Oracle shares fell sharply in after-hours trading amid renewed investor concerns that the growth of its cloud business is slowing.

The company has shifted to the cloud amid the sustained decline of its legacy software licensing business. But on Monday, it posted mixed results for the third quarter and co-CEO Safra Catz provided a fourth-quarter outlook for total cloud sales that was short of expectations.

Oracle earned 83 cents per share, excluding items, in the third quarter on revenue of $9.77 billion, compared with analysts’ estimates of 72 cents per share in earnings on revenue of $9.78 billion.

Total cloud revenue rose 32% to $1.56 billion, with cloud software as a service (SaaS) up 33% to $1.15 billion and cloud platform as a service (PaaS) plus infrastructure as a service (IaaS) revenue up 28% to $415 million. The segment accounted for 16% of total revenue, up from 12% a year ago.

For the fourth quarter, Catz said in an earnings call that Oracle was projecting growth in total cloud sales of 19% to 23% year-over-year, but analysts on average were expecting growth of more than 27%.
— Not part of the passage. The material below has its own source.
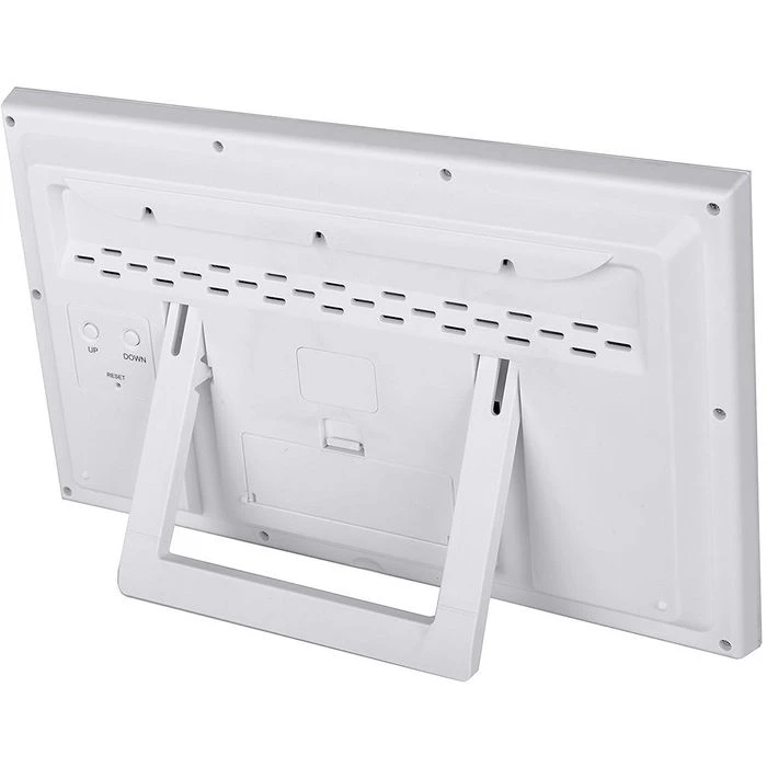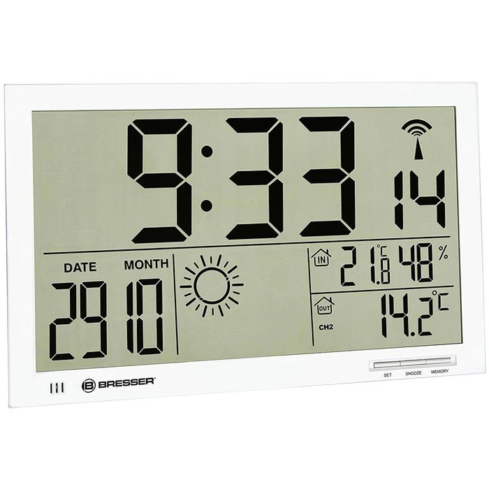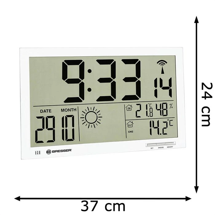 sonstiges: mit Zusatzsensor zur Messung der Außentemperatur, 1-Tages-Wettervorhersage mit Wettertrend-Symbolen, MIN-/MAX-Wertespeicherung für Temperatur und Luftfeuchtigkeit, Anzeige von Innentemperatur und -luftfeuchtigkeit, Anzeige des Datums (Tag und Monat), Weckerfunktion mit verschiedenen Schlummerintervallen (1 bis 20 Minuten), automatische Einstellung der Uhrzeit bei Inbetriebnahme und Umstellung von Sommer- und Winterzeit, Montage an der Wand oder zum Aufstellen

In Monday’s extended trading session, Oracle shares dropped 7.1% to $48.22. When it issued lower-than-expected, second-quarter guidance for the cloud segment in September, the stock fell more than 7%.

By contrast, market-leading cloud infrastructure provider Amazon Web Services had $5.11 billion in revenue, with 45% revenue growth, in its most recent quarter.

“Our cloud SaaS applications business is rapidly approaching $5 billion … and it’s still early days,” Oracle co-CEO Mark Hurd said in a news release.

“Less than 15% of our on-premise applications customers have begun to migrate their applications to the cloud,” he added. “As the other 85% of our applications customers start to move their applications to the cloud, we have a huge opportunity in front of us. We expect to more than double the size of our SaaS business very quickly.”

Revenue from the legacy on-premise software business rose only 4% to $6.41 billion in the third quarter.